Cette année là, un projet de loi de révision de la loi électorale liant la tenue de l’élection présidentielle à un recensement général de la population, votée à l’Assemblée nationale avant d’être rejetée par le Sénat a été à la base des manifestations, qui ont fait des dizaines de morts.

L’UDPS et l’UNC, alors dans l’opposition et accusant Kabila de vouloir profiter du recensement pour s’éterniser au pouvoir, avaient drainé des milliers de personnes dans les rues de Kinshasa et d’autres grandes villes du pays.

Pour plus de détails, lire Grand angle : C’est quoi le problème avec le recensement de la population congolaise?

Un atterrissage en douceur?

Une fois au pouvoir, Félix Tshisekedi n’avait pas tardé à annoncer la campagne « d’identification biométrique de tous les citoyens » en vue de doter le pays « d’un registre national de la population d’ici à l’horizon 2020 ».
Cette annonce était restée lettre morte en dépit de l’inscription de la création d’un registre national de la population parmi les 68 projets prioritaires du « plan national numérique à l’horizon 2025 » contenu dans le programme du gouvernement (Sylvestre Ilunga) pour la transformation numérique du pays.

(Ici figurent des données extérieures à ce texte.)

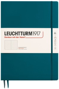 Notatniki Leuchtturm1917 z klasycznej serii Master Slim to wysokiej klasy produkt w rozmiarze A4 i twardej oprawie. Notatnik A4+ jest nieco większy od formatu A4, dzięki czemu pomiędzy stronami lub w kieszeni na okładce bezpiecznie pomieści kartki A4 z zapiskami lub kopiami. Notatniki z serii Slim mają 123 strony i są o 33% lżejsze od notatników Master Classic. Papier ma odcień kości słoniowej, jest bezkwasowy i bez optycznych wybielaczy, idealny do pisania piórem. Wewnątrz znajduje się pełen zestaw akcesoriów umożliwiających łatwą archiwizację: komplet naklejek do opisania okładki i grzbietu, kieszeń na luźne notatki, strona tytułowa oraz pusta tabela spisu do opisania zawartości ponumerowanych stron. Dodatkowym atutem jest szyty grzbiet umożliwiający rozłożenie notatnika na płasko.

Entre temps, le gouvernement avait créé le Comité national de suivi pour piloter la réalisation d’une étude de faisabilité financée par la Banque Africaine de Développement (BAD).
Après un processus de recrutement aux contours flous, c’est le Cabinet-conseil International Ernst and Young RDC qui s’est vu octroyer ce marché juteux, en septembre 2020.

Le débat sur le recensement a depuis, pris la forme d’une guerre froide entre l’Office National d’Identification de la Population (ONIP), structure publique attitrée pour organiser l’identification et la délivrance de la carte d’identité en RDC et le Conseiller spécial du Chef de l’État en charge du numérique.

La question du recensement a repris une tournure plus politique que technique à cause notamment des déclarations de certains cadres du parti présidentiel, qui prétendaient que la tenue des élections de 2023 devra être conditionnée par le recensement général de la population. Dans leur entendement, cette opération devrait s’étendre sur plusieurs années.
Heureusement que tout semble être clair maintenant.